> **TRY IT**:
Only the lines from the one with "PENAFSIRAN TENTANG MAKNA" to the end of the data, both ends included, should be output, exactly as they stand and without pictures.

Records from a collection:
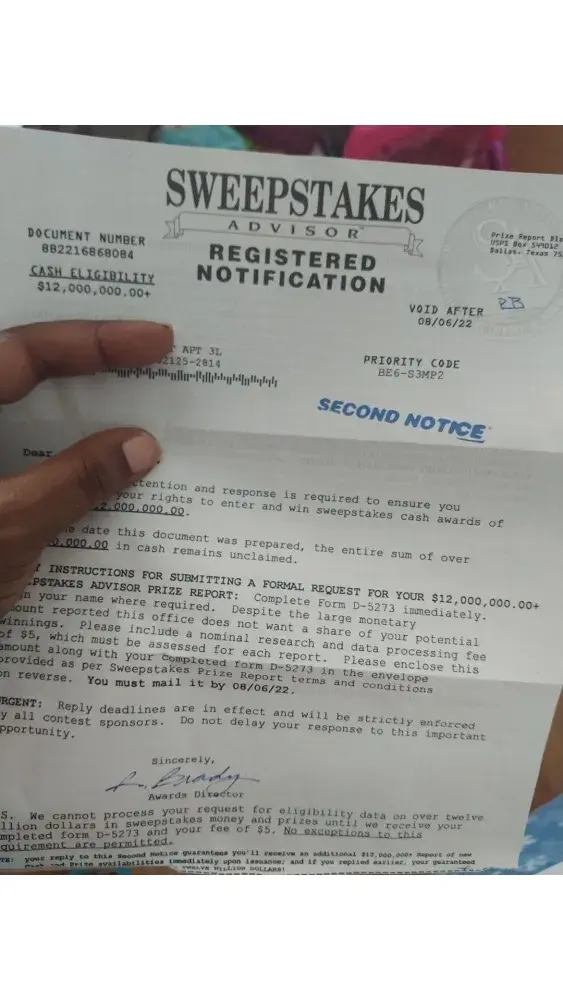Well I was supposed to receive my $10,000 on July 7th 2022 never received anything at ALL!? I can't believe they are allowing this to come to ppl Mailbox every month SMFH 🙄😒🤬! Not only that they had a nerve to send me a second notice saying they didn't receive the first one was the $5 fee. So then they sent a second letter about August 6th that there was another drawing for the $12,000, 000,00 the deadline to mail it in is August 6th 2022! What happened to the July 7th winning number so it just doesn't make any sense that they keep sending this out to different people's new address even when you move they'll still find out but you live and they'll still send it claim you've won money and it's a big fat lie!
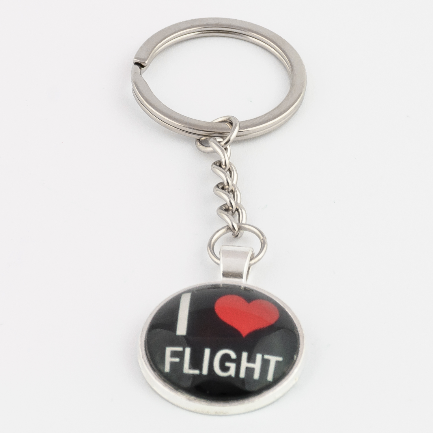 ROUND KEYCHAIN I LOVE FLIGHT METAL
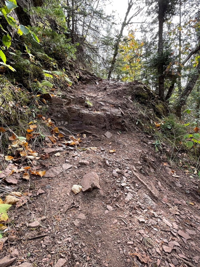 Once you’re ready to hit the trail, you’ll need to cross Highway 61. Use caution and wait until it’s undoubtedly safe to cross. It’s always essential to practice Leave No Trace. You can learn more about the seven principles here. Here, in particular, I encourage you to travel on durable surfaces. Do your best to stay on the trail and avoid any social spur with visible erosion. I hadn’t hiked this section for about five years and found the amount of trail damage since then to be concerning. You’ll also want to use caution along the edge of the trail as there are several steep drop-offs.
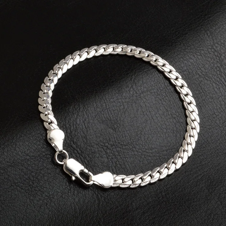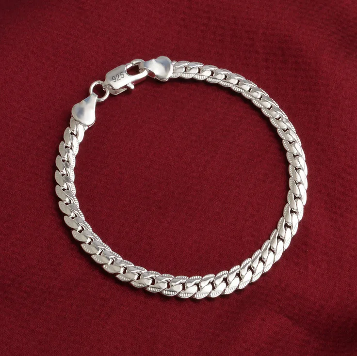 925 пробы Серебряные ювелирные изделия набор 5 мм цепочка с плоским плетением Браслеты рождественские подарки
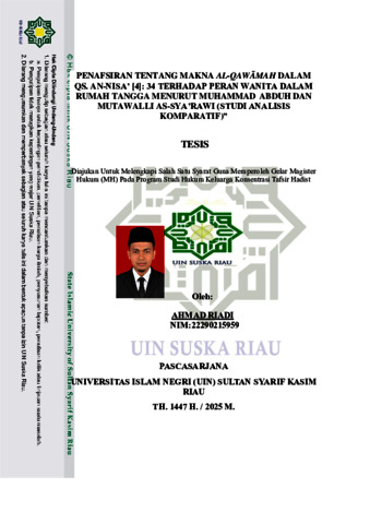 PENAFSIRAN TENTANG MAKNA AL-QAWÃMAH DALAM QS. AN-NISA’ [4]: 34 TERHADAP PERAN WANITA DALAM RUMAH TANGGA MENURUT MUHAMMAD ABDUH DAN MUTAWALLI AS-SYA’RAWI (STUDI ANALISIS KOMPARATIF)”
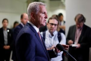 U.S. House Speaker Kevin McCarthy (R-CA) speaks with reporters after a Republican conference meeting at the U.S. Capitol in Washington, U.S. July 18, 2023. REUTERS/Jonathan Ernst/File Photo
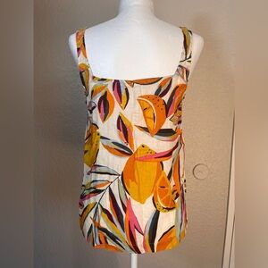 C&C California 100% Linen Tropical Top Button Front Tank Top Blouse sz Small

> **EXERCISE SOLUTION**:
 PENAFSIRAN TENTANG MAKNA AL-QAWÃMAH DALAM QS. AN-NISA’ [4]: 34 TERHADAP PERAN WANITA DALAM RUMAH TANGGA MENURUT MUHAMMAD ABDUH DAN MUTAWALLI AS-SYA’RAWI (STUDI ANALISIS KOMPARATIF)”
 U.S. House Speaker Kevin McCarthy (R-CA) speaks with reporters after a Republican conference meeting at the U.S. Capitol in Washington, U.S. July 18, 2023. REUTERS/Jonathan Ernst/File Photo
 C&C California 100% Linen Tropical Top Button Front Tank Top Blouse sz Small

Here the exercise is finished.